LONG OVERDUE UPDATE on our growing business

It has been an embarrassingly long time – over a year and a half! – since I last updated this blog.   It’s certainly not for a lack of trying.  But a lot has happened, and finding the time to write about it kept getting away from me. The long and short is that we had a triply successful 2016 season: in the woods, in the sugarhouse, and on the farmers’ market circuit. With the help of Colin Kaferle, our beloved friend and trusty woodsworker, we added close to a thousand taps last year.  That meant more syrup in the bank for all of you – a total of 33 barrels – most of which we were able to sell retail via farmers’ markets and at an increasing number of stores all over Maine.  We also have started aging small quantities of syrup in bourbon barrels, which lends a delicious, subtly oaky flavor to a product already full of woody essences.  Those bottles feature a beautiful new label by Alexis Iammarino with hand-drawn ermines (a favorite sugarhouse visitor) and lettering inspired by old 1950s Chinese restaurant menus. Since we age the syrup in advance, we had only a limited supply in 2016, and it disappeared quickly.  In fact we sold almost all of it at the Common Ground Fair, over three whirlwind and wonderful days! We hope to age about a third of our crop this year to keep up with demand.  We’re now using five-gallon mini-barrels from Split Rock Organic Distillery in Newcastle, which can infuse syrup with all that barrel juice in about half the time. 
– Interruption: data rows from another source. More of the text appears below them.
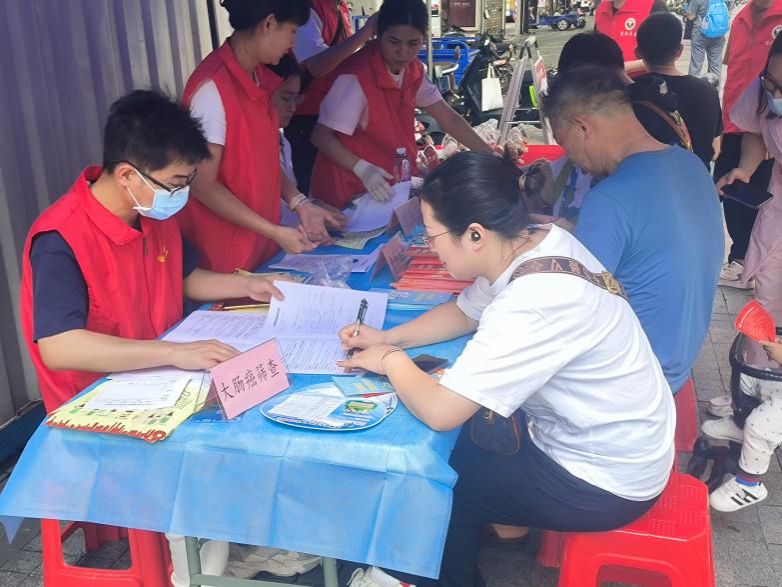 4月18日,基础医学院团委联合京溪街社区卫生服务中心、京溪街禁毒办在京溪街社区举办大肠癌筛查义诊志愿服务活动。本次活动由基础医学院团委主办、学院基层团支部共14名学生志愿者共同参与。
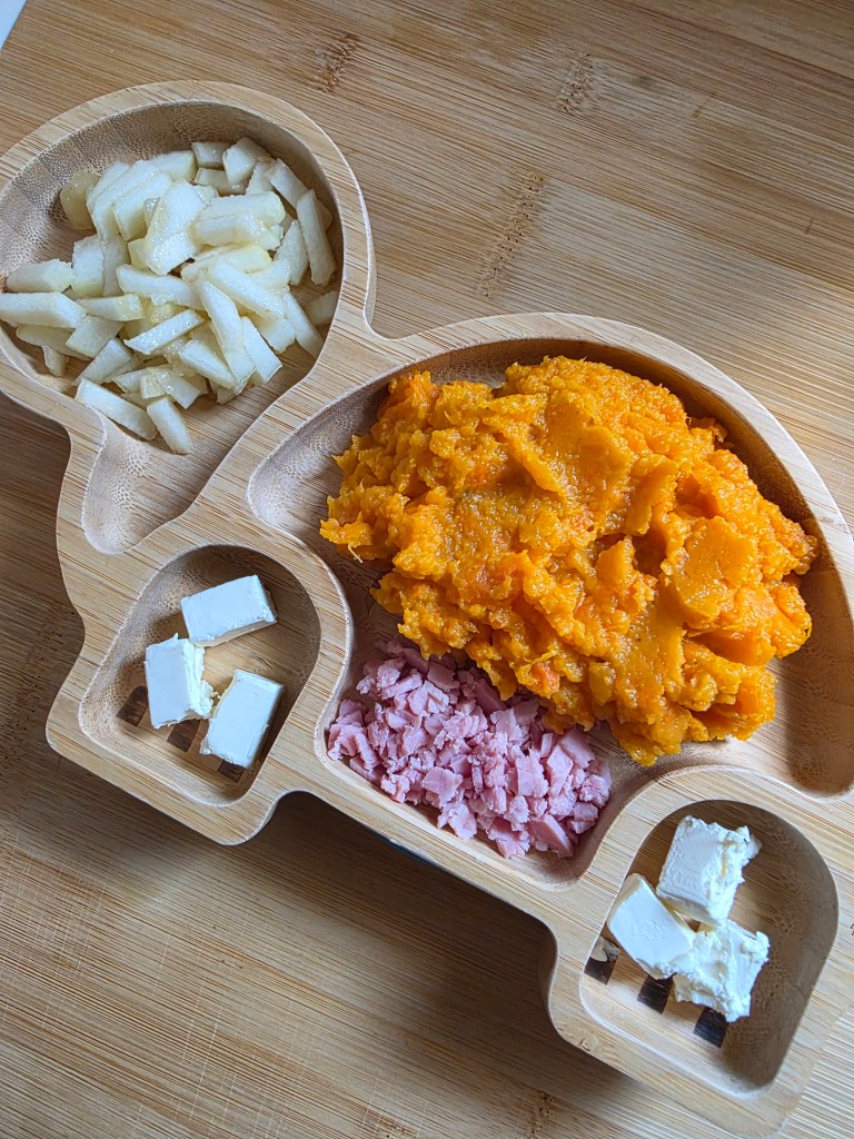 - Jambon, purée de patates douces/carottes
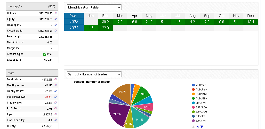 HFT_FIX SYSTEM FEB Returns = +22.3% Total returns =212% with max DD 8%

Perhaps most excitingly, 2016 brought us a son!  Fed off the fat of trades from the farmers’ markets in utero, he was born on September 9, a happy, pink-cheeked, perfect human! He was, I might add, born a lucky two weeks early, as his official due date was the Saturday the 28th, smack dab in the middle of the Common Ground Fair weekend.  His early arrival allowed him to pay a brief visit to his papa and to Pat Hunt, both of whom heroically manned the booth at the Fair for an insane 72 hours.  While I was massively pregnant and then recovering at home, we also had help from a slew of other friends and family members who worked farmers’ markets, helped load and unload Subaru station wagons full of syrup, and who babysat while I canned syrup and made candy. Of special note: my aunt Sherry and uncle Ted, who have travelled from Vermont a gazillion times over the past year, and who, among myriad other contributions, volunteered their Fourth of July weekend in Jackman, helping to put the gable ends on the sugarhouse at long last.  And worth shouting out, again, Pat Hunt: available at the drop of a hat when we got a scary-early run of sap this February (global warming, much?) his tapping help was absolutely invaluable.  It allowed VJ to spend a few more precious hours with me and the baby, even during his most stressful time of year. As a result, despite the distractions of new parenthood, we’re starting off the season readier than we’ve ever been.

The business, too, is growing.  I was able to leave my teaching job in June of 2015, and now work flexibly as a freelance writer between sugarmaking tasks.  In addition to all the old standbys, we now sell our syrup and candy at Rising Tide Coop in Damariscotta, Local Market in Brunswick, and Fine and Dandelion in Carmel.  And we have been admitted into two new farmers’ markets for the upcoming 2017 season: in addition to Camden and Northeast Harbor, we’ll now be at Bar Harbor on Sundays and in Boothbay on Thursdays from May through October. 

We’ve just completed our first boil of the season, and look forward to a busy month ahead.  This is, of course, our favorite time of year, when, huddled around the evaporator and watching the sap fill the tanks, we can bask in the sweetness of spring.  Then we can bottle it and pass it along to you. 

Cheers to the season, and thanks so much for your support!